Weather Delay 🚂⛈️
🚂⛈️ Overview
A machine learning research project studying algorithms to predict train delays based on departure delay and weather conditions. The goal is to improve the attractiveness of rail travel over cars to reduce carbon footprint.
🎯 Project Motivation
Understanding and predicting train delays is crucial for improving passenger satisfaction and modal shift toward sustainable transportation. By combining weather data with historical delay information, we can develop models that help:
- →Provide better delay predictions to passengers
- →Help operators optimize scheduling
- →Encourage rail travel as a reliable alternative to cars
- →Reduce carbon footprint through sustainable transportation
🦾 Repository
See the code: Weather Delay Repository
📊 Methodology
This study explores classification and regression algorithms to:
- →Classification: Predict if a train will be delayed beyond a threshold
- →Regression: Predict the exact delay duration
Both approaches analyze the relationship between:
- →Departure delay (key historical indicator)

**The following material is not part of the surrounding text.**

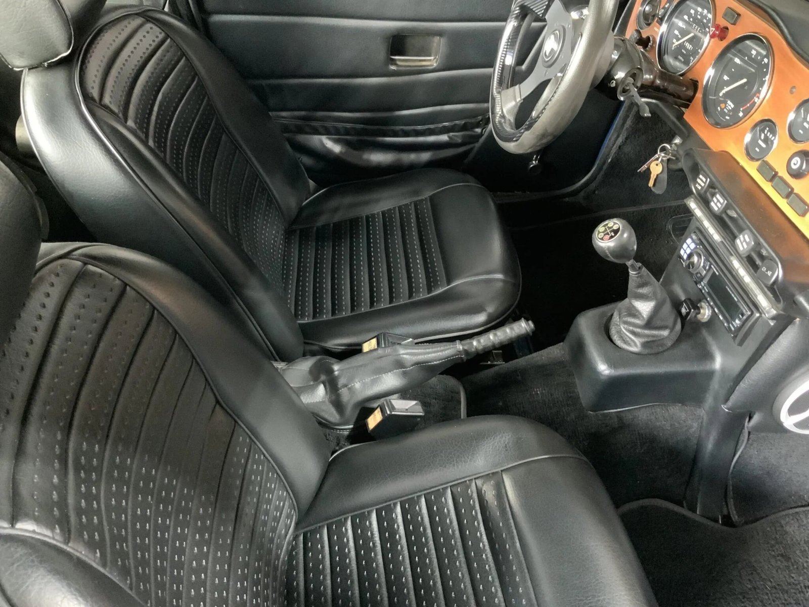 Equipment includes a retractable black soft top, a color-matched blue removable hardtop, 15″ steel wheels, chrome bumpers with black overriders, dual carburetors, power-assisted front disc brakes, quad exhaust outlets, and an Alpine sound system.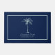 Add your own special touch to this simply elegant design featuring your family name or phrase and established date in light pale teal text and palm tree framed in light pale teal border over a navy blue background.

- →Weather conditions at the time of travel
- →Route and temporal factors
📈 Data Sources
The project utilizes data from:
- →Weather Data: Open-Meteo - Free weather API with historical data
- →Train Data: Tuscany Train Feed - Regional train schedules and operations
- →Delay Information: Italian Train Delay Data - Historical delay records
🛠️ Tech Stack
- →Python: Core implementation language
- →Pandas: Data manipulation and analysis
- →NumPy: Numerical computations
- →Scikit-Learn: Machine learning algorithms and evaluation
- →Jupyter Notebooks: Interactive data analysis and experimentation
🚀 Project Structure
Files and their purposes:
- →02-Data Analytics: Main data analysis and model development notebook
- →Data loading and exploration
- →Feature engineering from weather and delay data
- →Model training and evaluation
- →Comparison of classification and regression approaches
Note: Data files require downloading from the sources above before preprocessing.
📝 Research Focus
- →Comparing different classification algorithms for delay prediction
- →Evaluating regression models for delay duration estimation
- →Feature importance analysis of weather and temporal factors
- →Model performance trade-offs between accuracy and simplicity
🤝 Contributing
Contributions are welcome! Please follow these steps:
- →Fork the repository
- →Create a new branch for your feature or bugfix
- →Commit your changes and push them to your fork
- →Submit a pull request with a detailed description of your changes
Please ensure that your code follows the project's coding standards and includes appropriate documentation.
📜 License
This project is licensed under the MIT License. See the LICENSE file for more details.